K-means

K-means is a classic method for clustering or vector quantization. The K-means algorithms produces a fixed number of clusters, each associated with a center (also known as a prototype), and each sample belongs to a cluster with the nearest center.

From a mathematical standpoint, K-means is an coordinate descent algorithm to solve the following optimization problem:

\mathrm{minimize} \ \| \mathbf{x}_i - \boldsymbol{\mu}_{z_i} \|^2

\mathrm{w.r.t.} \ (\boldsymbol{\mu}, z)

Here, \boldsymbol{\mu}_k is the center of the k-th cluster, and z_i indicates the cluster for \mathbf{x}_i.

This package implements the K-means algorithm in the kmeans function:

kmeans(X, k; ...)

Performs K-means clustering over the given dataset.

Parameters:
  • X – The given sample matrix.

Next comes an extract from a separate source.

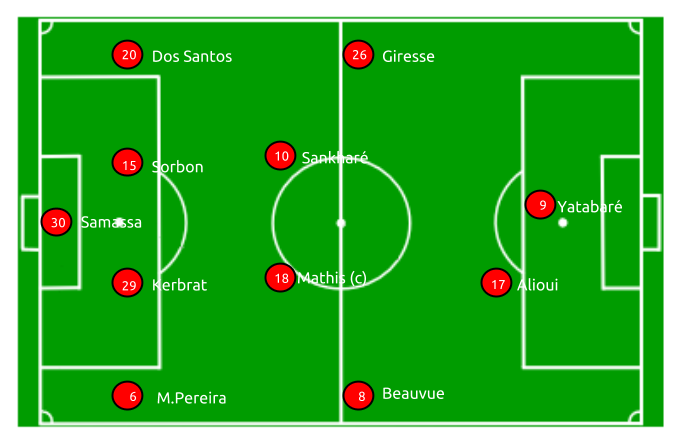 Samassa (3/5): Il fait un bon match dans l’ensemble, il est peu sollicité mais sort une belle frappe de Ruben. Cependant sur le but il reste englué sur sa ligne. Faut tout arracher quand on fait 2 mètres et qu’il y a un ballon dans ses six mètres.

Each column of X is a sample.
  • k – The number of clusters.

This function returns an instance of KmeansResult, which is defined as follows:

type KmeansResult{T<:FloatingPoint} <: ClusteringResult
    centers::Matrix{T}         # cluster centers, size (d, k)
    assignments::Vector{Int}   # assignments, length n
    costs::Vector{T}           # costs of the resultant assignments, length n
    counts::Vector{Int}        # number of samples assigned to each cluster, length k
    cweights::Vector{Float64}  # cluster weights, length k
    totalcost::Float64         # total cost (i.e. objective)
    iterations::Int            # number of elapsed iterations
    converged::Bool            # whether the procedure converged
end

One may optionally specify some of the options through keyword arguments to control the algorithm:

name description default
init

Initialization algorithm or initial seeds, which can be either of the following:

  • a symbol indicating the name of seeding algorithm, :rand, :kmpp, or :kmcen (see Clustering Initialization)
  • an integer vector of length k that provides the indexes of initial seeds.
:kmpp
maxiter Maximum number of iterations. 100
tol Tolerable change of objective at convergence. 1.0e-6
weights

The weights of samples, which can be either of:

  • nothing: each sample has a unit weight.
  • a vector of length n that gives the sample weights.
nothing
display The level of information to be displayed. (see Common Options) :none

If you already have a set of initial center vectors, you may use kmeans! instead:

kmeans!(X, centers; ...)

Performs K-means given initial centers, and updates the centers inplace.

Parameters:
  • X – The given sample matrix. Each column of X is a sample.
  • centers – The matrix of centers. Each column of centers is a center vector for a cluster.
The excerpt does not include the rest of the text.